Work instruction -
Nothing but the pictures gets dropped; retype every entry exactly.

╭─ Materials provided

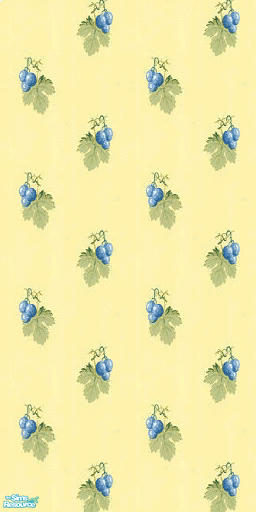 Blue sprigs of grapes atop a pale yellow wallpaper.
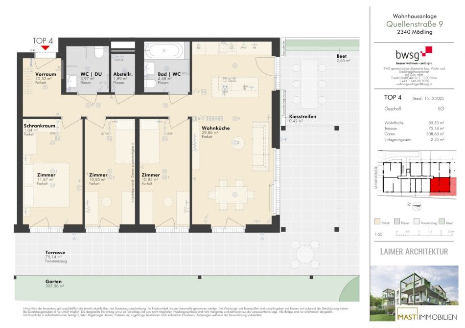 Die Wohnung befindet sich im Erdgeschoss und verfügt über 85,53 m² Wohnfläche + eine 75,14 m² große Terrasse und einen 308,63 m² großen Garten.
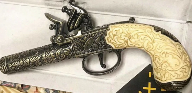 Старинный кремниевый пистоль, точнее, его современная копия — все же оружие. Просто так провозить нельзя.
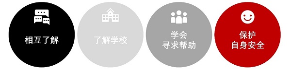 “保护我的在校安全”(Keeping Me Safe at School)是我们为德闳学生发展的一套教学项目。基于以下4大主题,班主任对如何使用圆圈解决方式(Circle Solution)进行教学,已经经历了完整专业的培训。
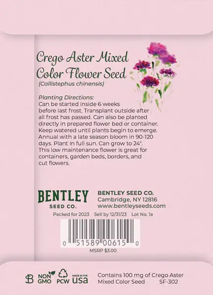 With pretty blooms that our pollinators love, these lovely flowers are named after the Greek word for “star”. Symbolizing wisdom, faith, love and color, our beautifully illustrated seed packets are the perfect way to say “Thank You” to everyone you appreciate. A garden classic! This colorful mix of shaggy, bright blooms will bring delight to your home! Late season aster flower colors! Can be started inside 6 weeks before last frost. Transplant outside after all frost has passed. Can also be planted directly in prepared flower bed or container. Keep watered until plants begin to emerge. ASTER CREGO MIX SEED INFORMATION: Lifecycle: annual Time to Maturity: 90-120 days Sun Requirement: sun Depth: surface 55-60 Seeds Per Packet Bloom Season: summer Height: 24" Uses: containers, garden beds, borders, cut flowers Low Maintenance : yes Sowing Method: Transplant or direct sow
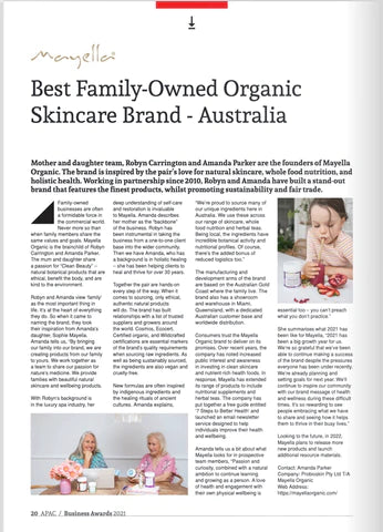 We are feeling blessed to be starting our year with the official release as winners in the Asia Pacific Business awards 2021 “Best Family Owned Organic Skincare Brand - Australia”. View our feature here on page 20.
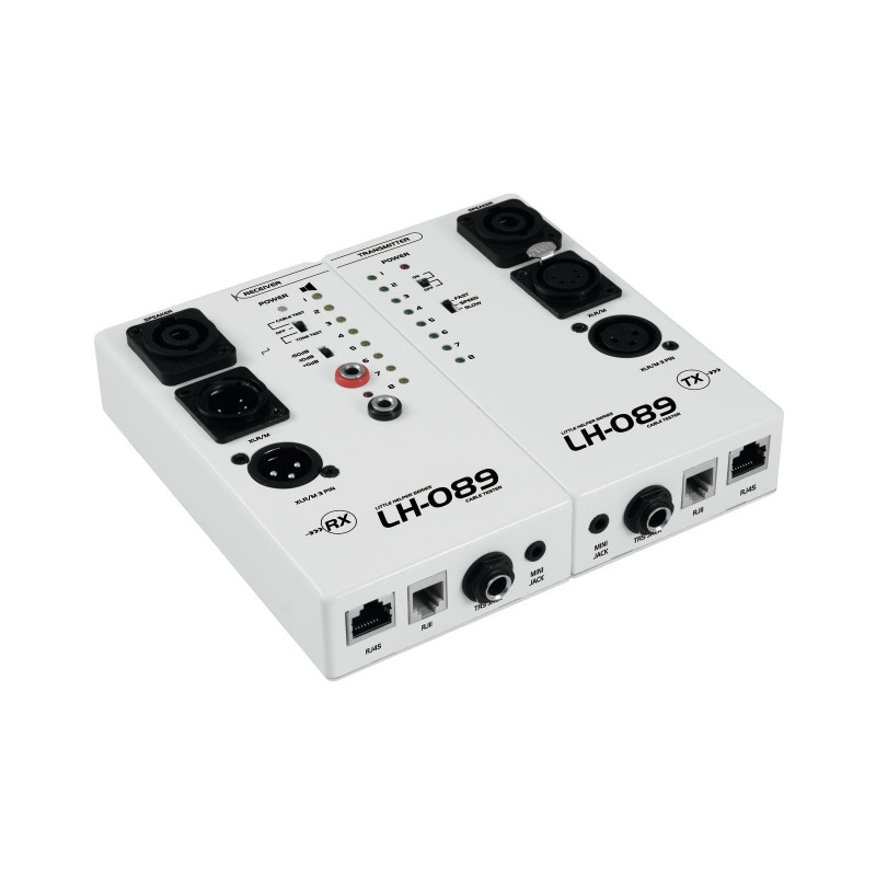 The LH-089 by Omnitronic is designed for testing a large variety of standard audio and data cables with ease. It is an indispensable helper for musicians, sound and stage technicians. Each pin of the connected cable is individually tested and the assignment is shown on a clearly arranged LED display. The continuity tester with visual and acoustic signals facilitates testing of all other types of connections. In addition, a test tone generator is integrated. To test long cables installed through walls or ceilings can be tested, the chassis can be split into a transmitter and receiver part.
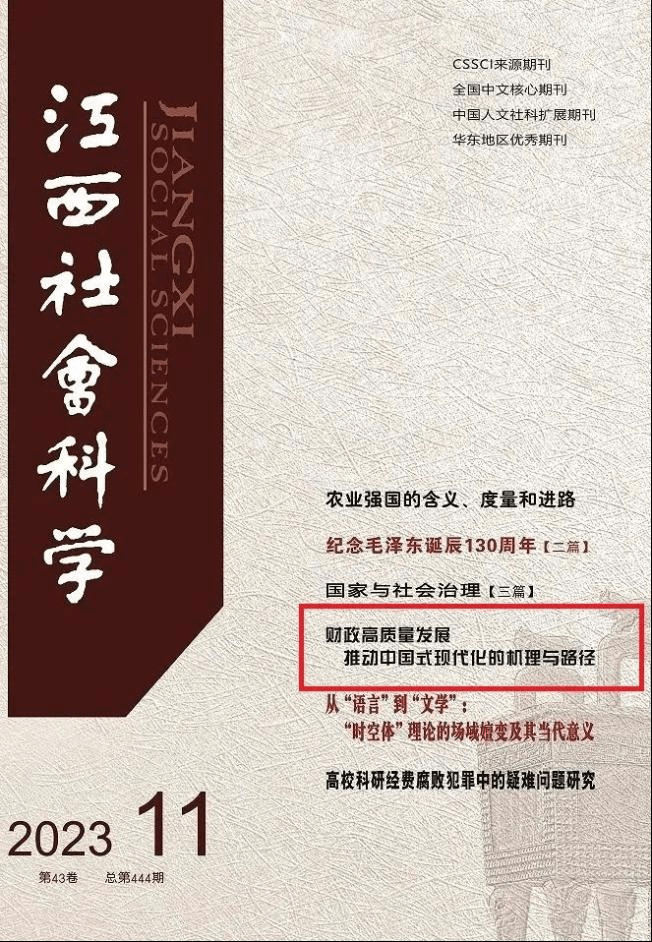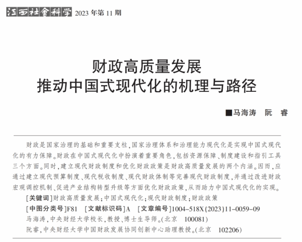 近日,由Beat365官方网站校长马海涛教授,中国财政发展协同创新中心(以下简称“中心”)教师阮睿共同撰写的论文《财政高质量发展推动中国式现代化的机理与路径》在《江西社会科学》11期刊发。
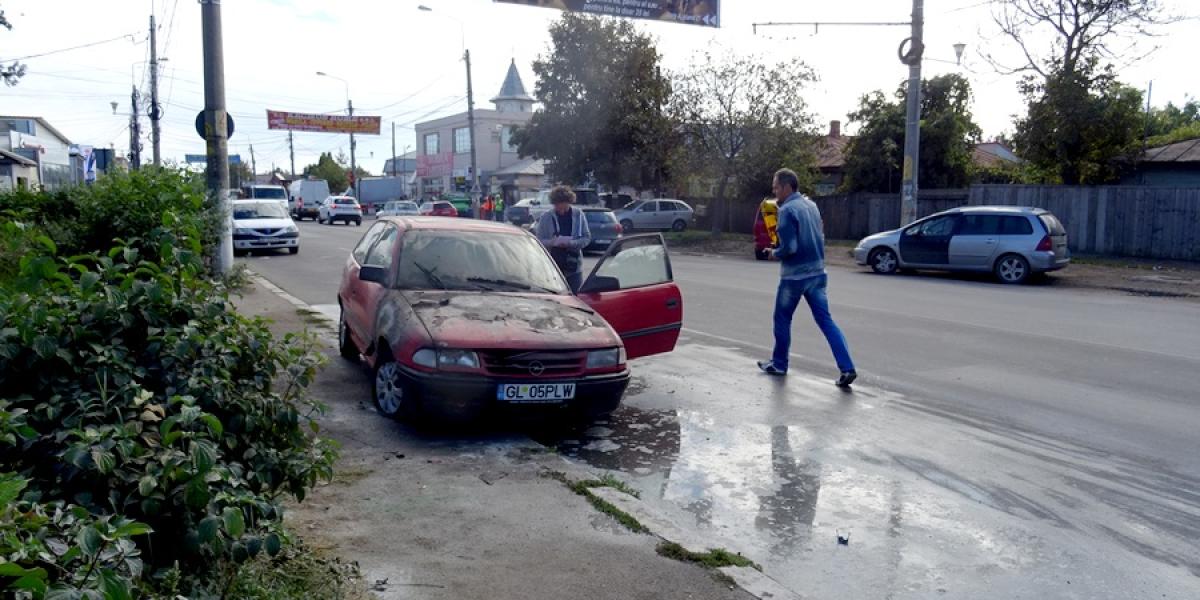 * azi-dimineaţă, un autotursim marca Opel, cu număr de Galaţi, s-a aprins, cel mai probabil pe fondul unui scurtcircuit * pompierii au stins flăcările care i-au cam pus pe fugă pe cei aflaţi în zonă
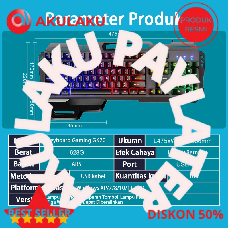 Keyboard Gaming Mekanik GK70 – RGB Backlight, Tahan Air, 104 Keys untuk PC, Laptop & Esports
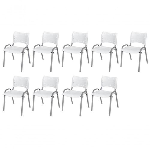 KIT 9 CADEIRA ISO EMPILHAVEL BASE CINZA ESCRITORIO, , - BRANCO
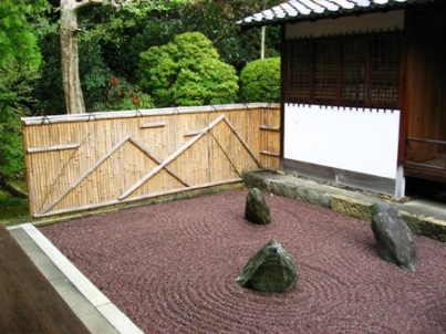 「不離の庭」赤砂が綺麗です。竹垣は山を表しています。
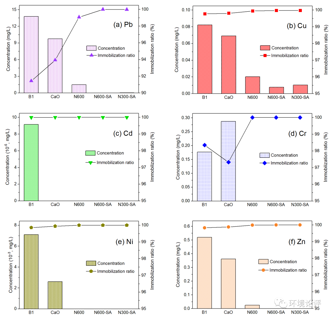 對使用n-Al/CaO固化穩(wěn)定化后的樣品,采用HJ300-2007醋酸緩沖溶液法進行浸出實驗,結果如圖所示。經過固化穩(wěn)定化后各種重金屬的浸出濃度都顯著下降,n-Al/CaO材料效果明顯優(yōu)于未經固化及氧化鈣固化。對銅、鋅、鉻、鎘、鎳、鉛六種重金屬元素的固定效率可達99.9%,在最優(yōu)工藝條件下浸出濃度均可穩(wěn)定控制在生活垃圾填埋場入場要求以下。其中,使用N600SA的實驗組各項結果均為最優(yōu)。
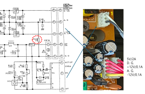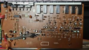 아날로그 양전원의 대칭이 잘 맞지 않는다. +11.78V, -12.03V로 측정되었다. 부하로 연결되는 커넥터 CN7A와 CN8A를 제거해도 측정된 전압이 그대로인 것으로 보아 전원회로를 구성한 부품이 오랜 시간이 지나면서 특성이 변동된 것으로 보인다. 이러한 비대칭 전원전압이 잡음의 원인인지는 아직 확실하지 않다. 외관을 살펴보았을 때 열이 발생하였거나 누액 또는 부식이 있었던 흔적은 전혀 없이 매우 깨끗하므로, 전원 보드의 일부 부품을 바꾼다 해도 무엇이 대상이 될지는 알기 어렵다.

╰─

Task answer -
 Blue sprigs of grapes atop a pale yellow wallpaper.
 Die Wohnung befindet sich im Erdgeschoss und verfügt über 85,53 m² Wohnfläche + eine 75,14 m² große Terrasse und einen 308,63 m² großen Garten.
 Старинный кремниевый пистоль, точнее, его современная копия — все же оружие. Просто так провозить нельзя.
 “保护我的在校安全”(Keeping Me Safe at School)是我们为德闳学生发展的一套教学项目。基于以下4大主题,班主任对如何使用圆圈解决方式(Circle Solution)进行教学,已经经历了完整专业的培训。
 With pretty blooms that our pollinators love, these lovely flowers are named after the Greek word for “star”. Symbolizing wisdom, faith, love and color, our beautifully illustrated seed packets are the perfect way to say “Thank You” to everyone you appreciate. A garden classic! This colorful mix of shaggy, bright blooms will bring delight to your home! Late season aster flower colors! Can be started inside 6 weeks before last frost. Transplant outside after all frost has passed. Can also be planted directly in prepared flower bed or container. Keep watered until plants begin to emerge. ASTER CREGO MIX SEED INFORMATION: Lifecycle: annual Time to Maturity: 90-120 days Sun Requirement: sun Depth: surface 55-60 Seeds Per Packet Bloom Season: summer Height: 24" Uses: containers, garden beds, borders, cut flowers Low Maintenance : yes Sowing Method: Transplant or direct sow
 We are feeling blessed to be starting our year with the official release as winners in the Asia Pacific Business awards 2021 “Best Family Owned Organic Skincare Brand - Australia”. View our feature here on page 20.
 The LH-089 by Omnitronic is designed for testing a large variety of standard audio and data cables with ease. It is an indispensable helper for musicians, sound and stage technicians. Each pin of the connected cable is individually tested and the assignment is shown on a clearly arranged LED display. The continuity tester with visual and acoustic signals facilitates testing of all other types of connections. In addition, a test tone generator is integrated. To test long cables installed through walls or ceilings can be tested, the chassis can be split into a transmitter and receiver part.
 近日,由Beat365官方网站校长马海涛教授,中国财政发展协同创新中心(以下简称“中心”)教师阮睿共同撰写的论文《财政高质量发展推动中国式现代化的机理与路径》在《江西社会科学》11期刊发。
 * azi-dimineaţă, un autotursim marca Opel, cu număr de Galaţi, s-a aprins, cel mai probabil pe fondul unui scurtcircuit * pompierii au stins flăcările care i-au cam pus pe fugă pe cei aflaţi în zonă
 Keyboard Gaming Mekanik GK70 – RGB Backlight, Tahan Air, 104 Keys untuk PC, Laptop & Esports
 KIT 9 CADEIRA ISO EMPILHAVEL BASE CINZA ESCRITORIO, , - BRANCO
 「不離の庭」赤砂が綺麗です。竹垣は山を表しています。
 對使用n-Al/CaO固化穩(wěn)定化后的樣品,采用HJ300-2007醋酸緩沖溶液法進行浸出實驗,結果如圖所示。經過固化穩(wěn)定化后各種重金屬的浸出濃度都顯著下降,n-Al/CaO材料效果明顯優(yōu)于未經固化及氧化鈣固化。對銅、鋅、鉻、鎘、鎳、鉛六種重金屬元素的固定效率可達99.9%,在最優(yōu)工藝條件下浸出濃度均可穩(wěn)定控制在生活垃圾填埋場入場要求以下。其中,使用N600SA的實驗組各項結果均為最優(yōu)。
 아날로그 양전원의 대칭이 잘 맞지 않는다. +11.78V, -12.03V로 측정되었다. 부하로 연결되는 커넥터 CN7A와 CN8A를 제거해도 측정된 전압이 그대로인 것으로 보아 전원회로를 구성한 부품이 오랜 시간이 지나면서 특성이 변동된 것으로 보인다. 이러한 비대칭 전원전압이 잡음의 원인인지는 아직 확실하지 않다. 외관을 살펴보았을 때 열이 발생하였거나 누액 또는 부식이 있었던 흔적은 전혀 없이 매우 깨끗하므로, 전원 보드의 일부 부품을 바꾼다 해도 무엇이 대상이 될지는 알기 어렵다.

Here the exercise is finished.